Take four minutes and tell your partner your life story in as much detail as possible.

“No,” he said firmly.

“Agreed,” Buffy said, equally firmly. “Last question: If you could wake up tomorrow having gained any one quality or ability, what would it be?

“You should want to be able to cook,” he said, eyes dancing with imminent laughter.

“Hey! I’m way better now.”

“You’ve stopped burnin’ the water when you boil it. I’ll give you that.”

“I’ve never been that bad!”

Spike burst out laughing. “You bloody well have!”

“If I have to learn to cook, you have to learn to do dishes.”

“I clean up after myself!”

Buffy snorted. “I wish!”

“You like doin’ dishes. Helps you think.”

Buffy raised her eyebrows. “Kinda how you like feeding me?”

“Maybe.”

“So what ability would you want – seriously?”

Spike pursed his lips. “Being able to lie convincingly might come in useful.”

“Hey!”

“Or thrall.”

“Like that’s not creepy at all.”

“Would you rather I wanted extra strength to beat you at arm wrestlin’?”

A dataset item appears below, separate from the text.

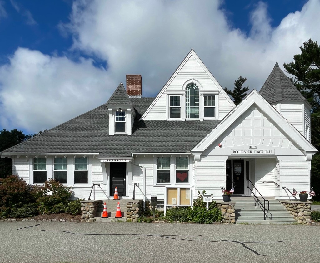 In 1679, three years after the end of King Phillip’s War, an armed conflict in 1675–1678 between indigenous inhabitants of New England and New England colonists, land that would become Rochester, Mattapoisett, Marion, and Wareham was purchased from King Phillip, and immediately divided among 32 proprietors of “Old Rochester.” The first white settlers took up residence in 1680, and the Town of Rochester was incorporated in 1686. Rochester town center was formally established in 1697 when land was set aside for a meetinghouse, burying ground and training field. Rochester’s first meetinghouse, built in 1699, served as a church and town building. A larger meetinghouse was built in 1717, and a third in 1760, doubling in size every time as the town’s population grew. The old buildings were insufficient for the growing farming town, and wealthy widow Elizabeth Leonard funded half the cost of a new town hall building. The current structure on the town green was built in 1892 and is an uncommon example of a Queen Anne style town hall in Massachusetts. The building originally was painted a darker color, common in the style, but was given a bright white paint scheme to blend in with the older buildings on the Green.

Buffy was caught between laughing and frowning. “That all sounds kinda … evil.”

Spike shrugged. “Power is as power does. ‘Sides, what else is there?”

“Oh, I don’t know. Patience, maybe?”

Spike laughed. “You think I’m impatient?”

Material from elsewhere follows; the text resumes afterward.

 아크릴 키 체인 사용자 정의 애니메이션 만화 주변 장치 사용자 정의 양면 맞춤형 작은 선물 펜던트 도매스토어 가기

“You have the attention span of a gnat.”

“Hey, pot, let me introduce you to my good friend the kettle.”

“What does that even mean?”

Spike groaned.

“I mean, I get the hypocrite thing, but – never mind. I’d like to stop feeling like I need to say only what other people want to hear.” She watched his expression shut down: thinking-face. Her heart sank. Oh, Spike. Please don’t bolt.

“Never noticed you doin’ that with me,” he said carefully.

“You’re special.”

“Lucky me.”

Buffy frowned. “You really don’t get it, do you?”

“Get what?”

“You are the only person I have ever known in the whole of my life that I don’t tie myself in knots trying to please.”

“An’ I should be happy about this?”

Yes!

“Why?”

Buffy huffed in frustration. “My God, you’re stupid sometimes.”

“Gee, thanks.”

“Why are you making me say this?”

“I’ve no idea what you’re sayin’!”

“You’re safe.”

Spike let out a sharp bark of laughter. “Safe? Me?”

“It’s like I was saying about phone calls. I always plan them out in advance. Always. Except when I call you.”

Buffy would have given anything to be able to read him just then. But he was still so guarded. She got that she probably wasn’t saying it right, but she didn’t know what she was supposed to do to make it better. She sighed. “You know – back when I thought you were dead – if I was worried about something, I’d just ask myself what you’d say.”

He looked like he was bracing for impact. “What’d I say?”

She laughed, hard and brittle and sharp. “Usually it was ‘you’re stupid and you’re gonna die’.”

His mouth twitched. “Sounds about right.”

“Other times you said stuff about when I could have jam.”

“Jam, huh?”

“Yup.”

Then Buffy’s eyes did that freaky thing where they seemed to grow big enough to fill up half her face. He had to fight not to lose himself when they did that.

Wavering slightly, she started: “That last year in Sunnydale—”

“Buffy….” He’d meant to sound firm and decisive. It came out like whining.

And then he bolted. He did it less brutally than he had the last time, but he totally, totally bolted.